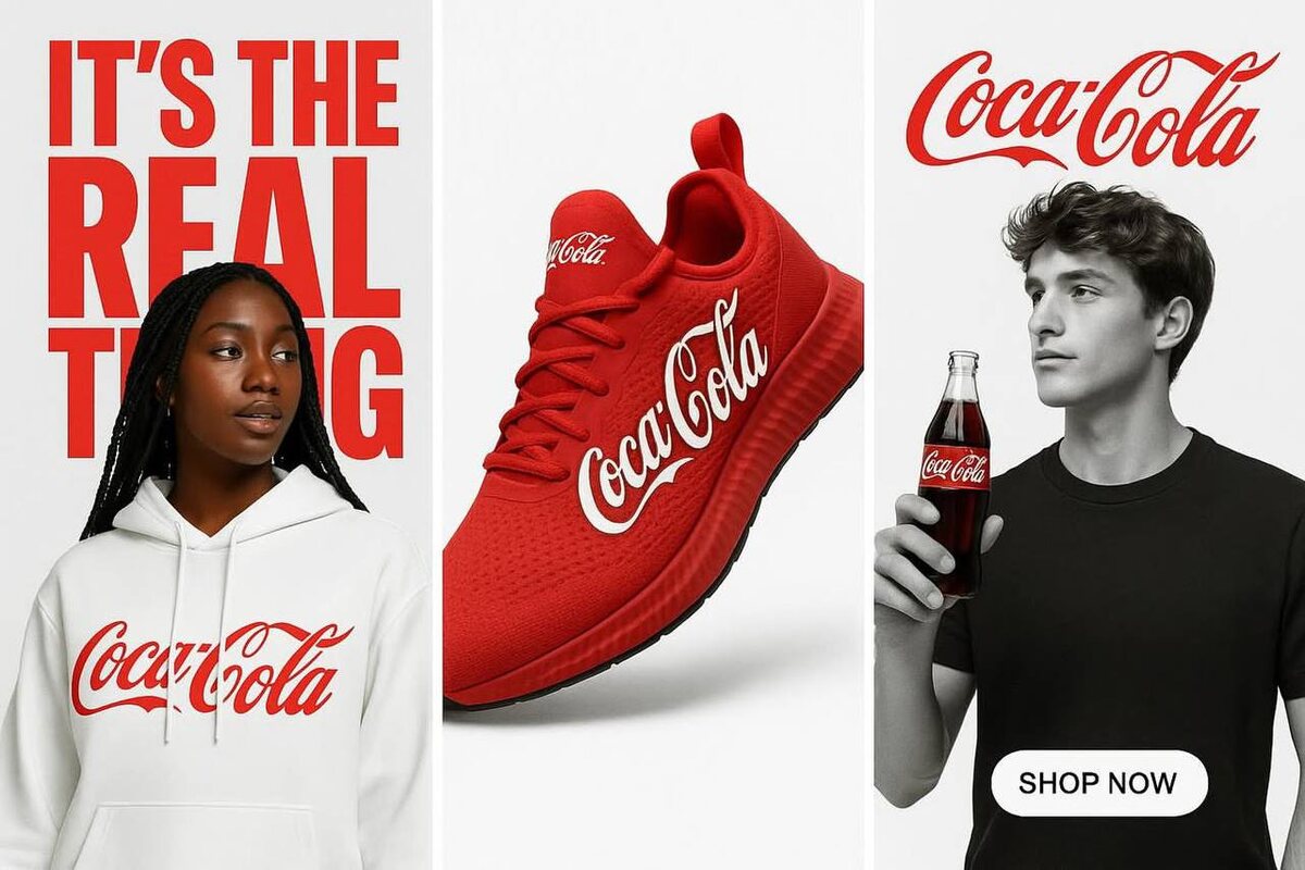 • Центральная панель: Крупный план ключевого продукта бренда (например, кроссовки, технологичный предмет или основной визуал). Чистый фон, минимальные тени, чёткие детали.
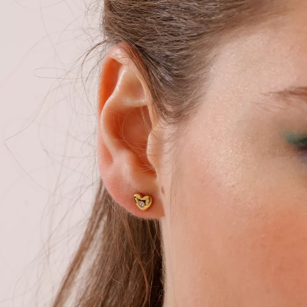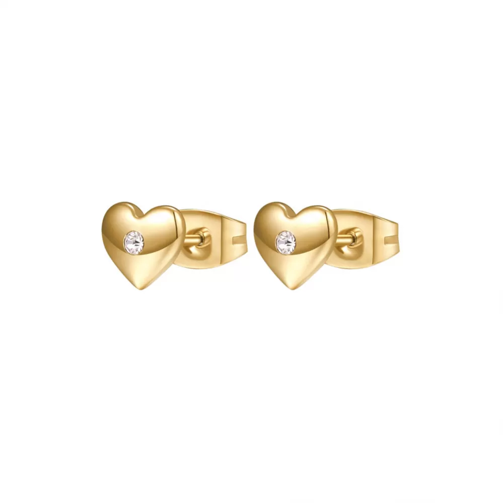Roztomilé náušnice kôstky sú vyrobené z vysoko leštenej nerezovej ocele, ktorá je ošetrená PVD povrchovou úpravou vo farbe žltého zlata. Náušnice v tvare srdiečok ocenia nielen ženy ale aj dievčatá. >
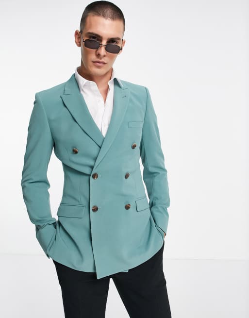 Asos double breasted suit clearance, ASOS DESIGN super skinny double breasted suit jacket in sage green clearance
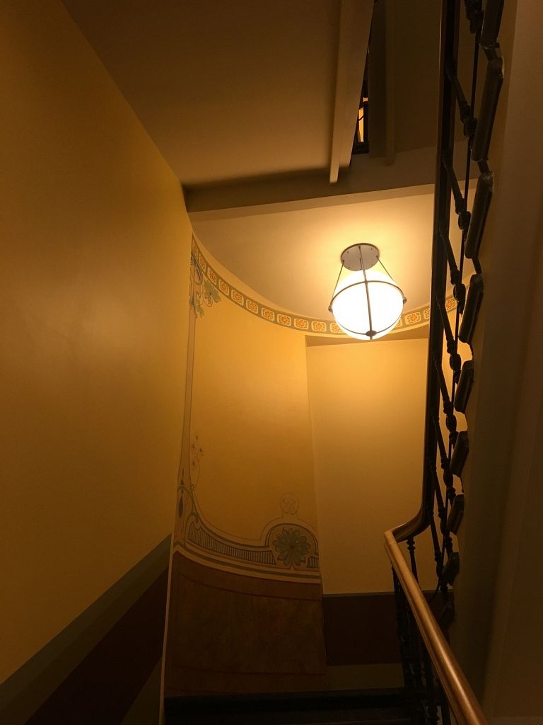 #Ēka ir arhitektūras piemineklis, tādēļ tajā ir saglabātas vairākas autentiskas lietas, piemēram, koka kāpnes piecu stāvu garumā un vēsturiskās podiņu krāsnis.
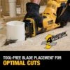 4-position blade clamp allows for flush cutting and increased positional versatility with tool-free blade changes
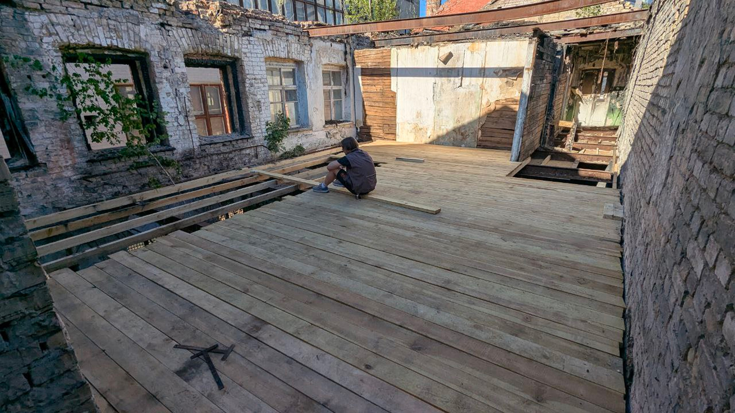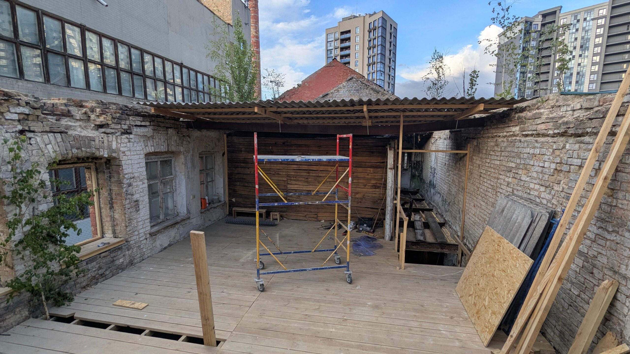 Над ремонтом та облаштуванням майданчика команда працювала протягом півроку. Всі роботи вони реалізовували власними силами: ремонт підлоги, будівництво нових сходів, реставрація стін та вікон.
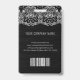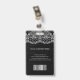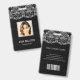 Modern photo business ID identification card with barcode over white floral lace background. Additional information can be added to the backside of this business ID badge
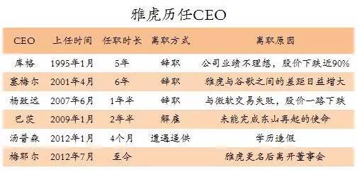 更加奇葩的是,雅虎22年換了7任CEO,最長(zhǎng)的任期6年,短的僅4個(gè)月就被董事會(huì)趕下臺(tái)。
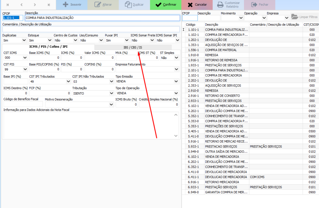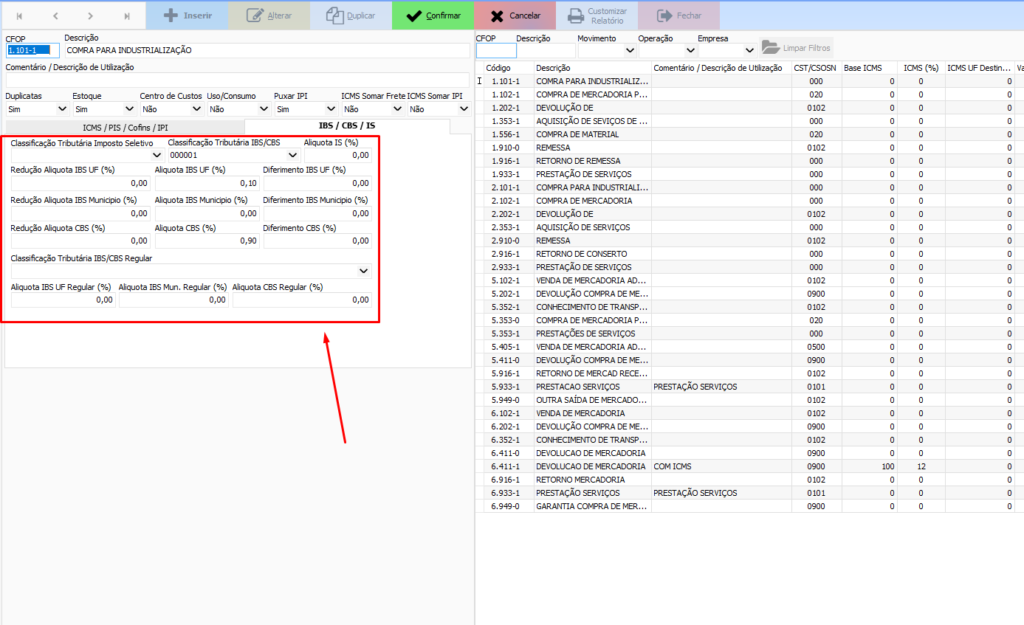 Quarto passo – Preencher IBS/CBS na regra fiscal do CFOP

EXERCISE PROMPT: Beginning with the first entry above, reproduce every line verbatim until the line with "4-position blade clamp", which is included too; omit pictures.

YOUR SOLUTION:
 • Центральная панель: Крупный план ключевого продукта бренда (например, кроссовки, технологичный предмет или основной визуал). Чистый фон, минимальные тени, чёткие детали.
Roztomilé náušnice kôstky sú vyrobené z vysoko leštenej nerezovej ocele, ktorá je ošetrená PVD povrchovou úpravou vo farbe žltého zlata. Náušnice v tvare srdiečok ocenia nielen ženy ale aj dievčatá. >
 Asos double breasted suit clearance, ASOS DESIGN super skinny double breasted suit jacket in sage green clearance
 #Ēka ir arhitektūras piemineklis, tādēļ tajā ir saglabātas vairākas autentiskas lietas, piemēram, koka kāpnes piecu stāvu garumā un vēsturiskās podiņu krāsnis.
 4-position blade clamp allows for flush cutting and increased positional versatility with tool-free blade changes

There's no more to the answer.